ABOUT THIS TASK: Copy the material below verbatim from the line with "2016-2017学年第二学期平顶山市鲁山县八年级语文试卷(人教版)【7】" to the line with "55 mcg of Vitamin", both lines included, omitting pictures and every line outside that range.

SOURCE INFORMATION:
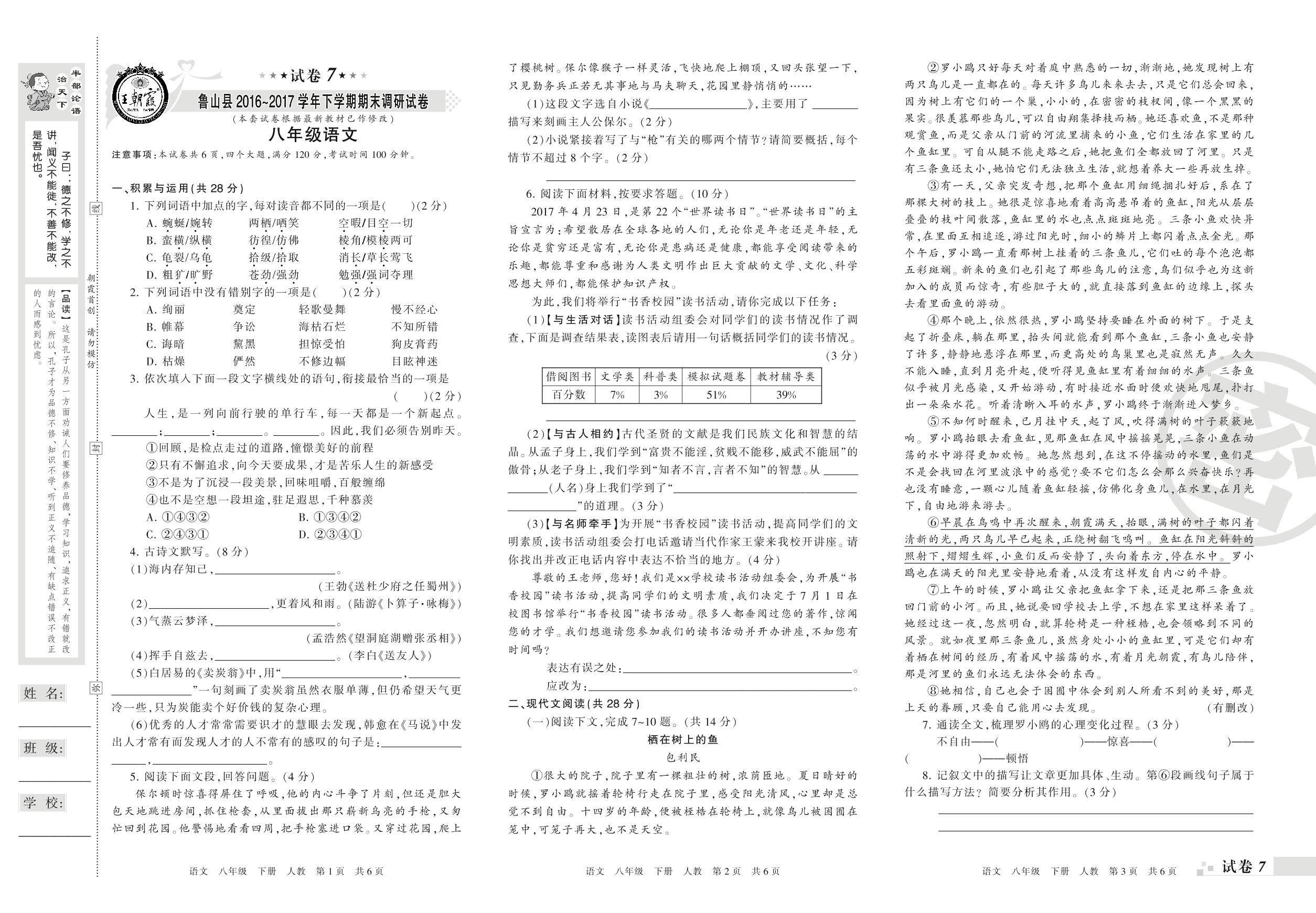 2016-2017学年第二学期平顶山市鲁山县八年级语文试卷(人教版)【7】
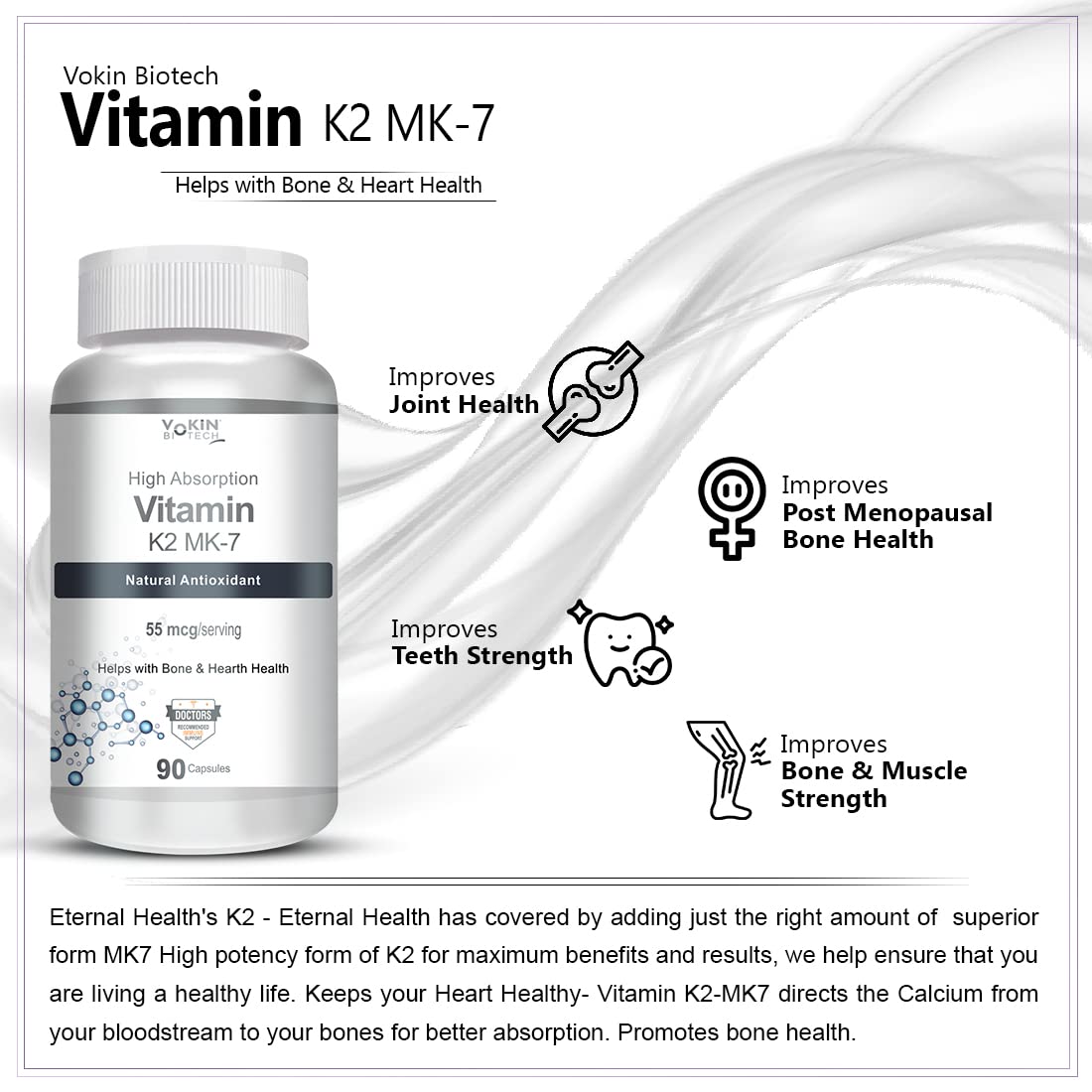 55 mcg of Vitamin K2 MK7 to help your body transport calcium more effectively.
---
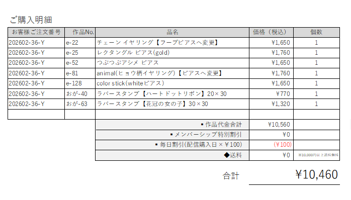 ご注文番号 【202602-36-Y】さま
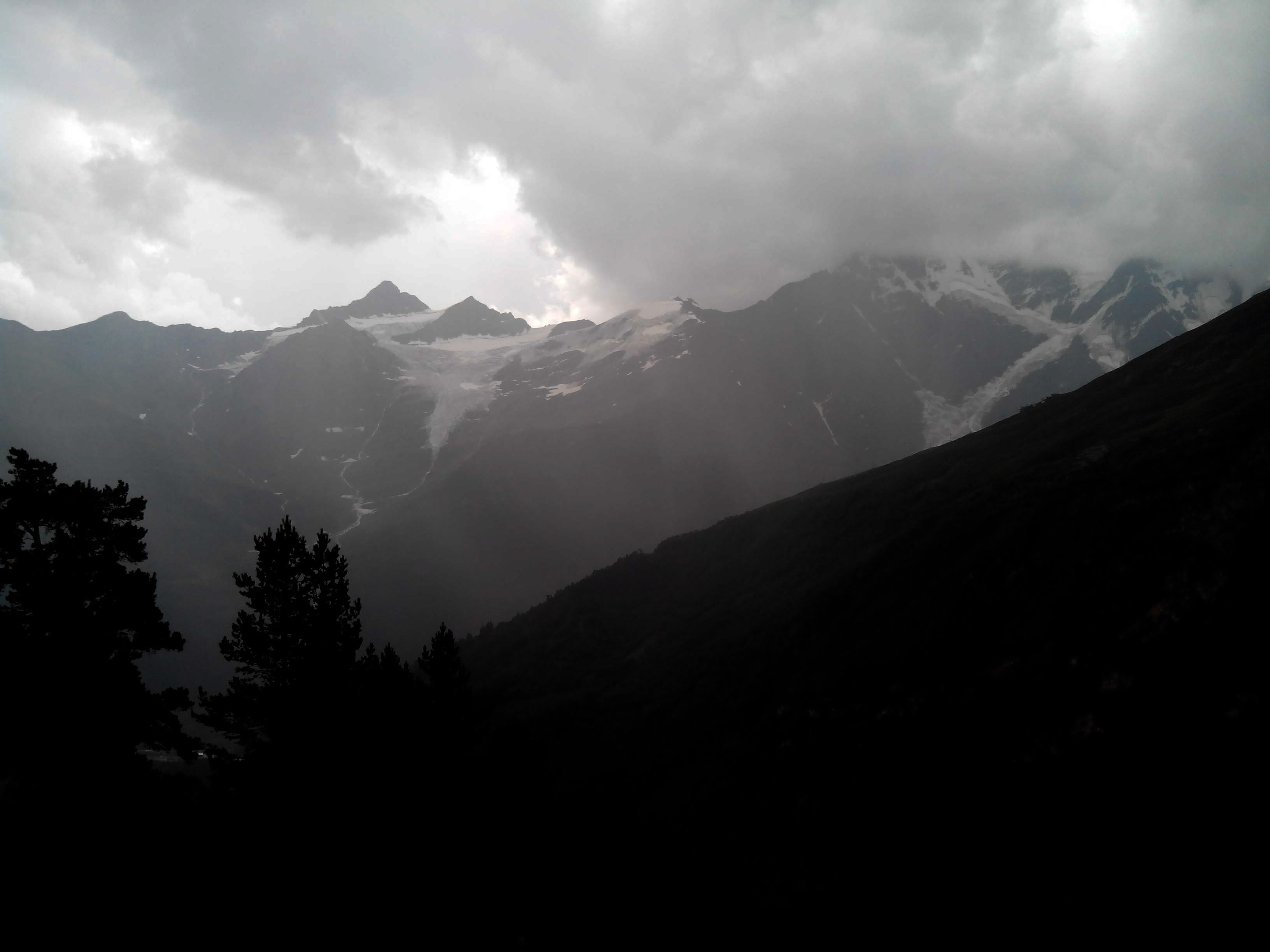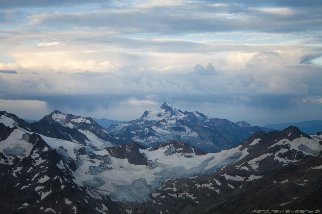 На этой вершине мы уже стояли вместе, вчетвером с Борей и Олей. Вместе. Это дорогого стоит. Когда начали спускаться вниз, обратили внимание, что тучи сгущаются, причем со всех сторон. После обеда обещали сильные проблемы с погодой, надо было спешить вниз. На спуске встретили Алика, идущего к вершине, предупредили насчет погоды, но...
---
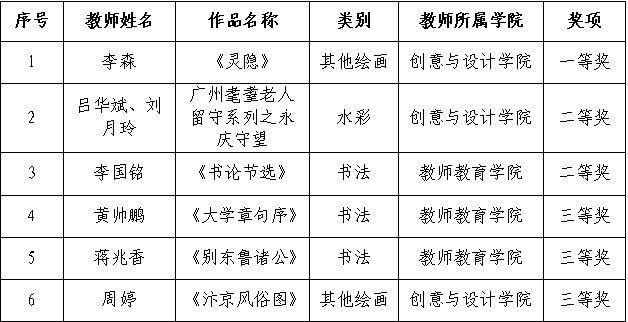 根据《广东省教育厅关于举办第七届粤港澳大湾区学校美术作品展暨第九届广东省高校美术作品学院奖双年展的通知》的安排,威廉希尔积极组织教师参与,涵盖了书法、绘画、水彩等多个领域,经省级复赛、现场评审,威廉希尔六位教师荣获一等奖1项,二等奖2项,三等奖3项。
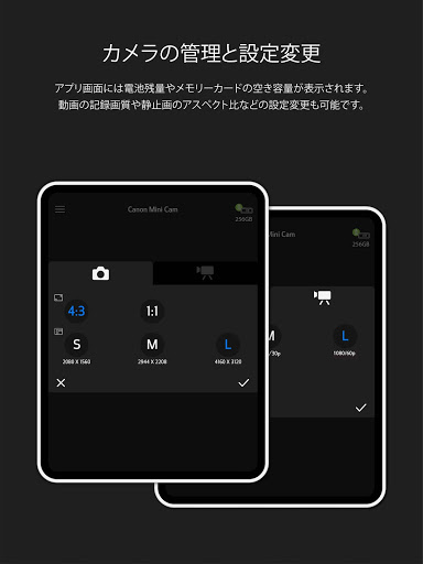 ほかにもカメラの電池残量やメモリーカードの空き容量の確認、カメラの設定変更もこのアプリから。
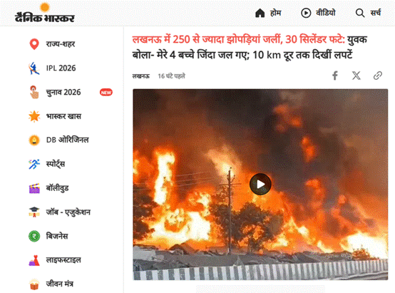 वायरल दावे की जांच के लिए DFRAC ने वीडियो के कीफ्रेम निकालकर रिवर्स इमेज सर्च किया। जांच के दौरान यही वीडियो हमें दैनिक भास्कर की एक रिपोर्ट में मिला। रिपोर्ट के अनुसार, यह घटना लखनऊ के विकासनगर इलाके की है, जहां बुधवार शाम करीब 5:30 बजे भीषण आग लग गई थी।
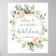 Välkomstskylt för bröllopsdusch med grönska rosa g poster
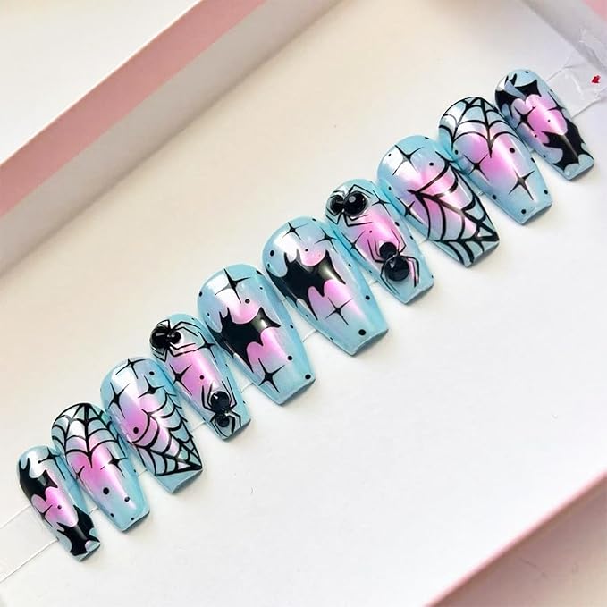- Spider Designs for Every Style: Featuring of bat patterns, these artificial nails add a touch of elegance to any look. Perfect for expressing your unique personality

YOUR SOLUTION:
 2016-2017学年第二学期平顶山市鲁山县八年级语文试卷(人教版)【7】
 55 mcg of Vitamin K2 MK7 to help your body transport calcium more effectively.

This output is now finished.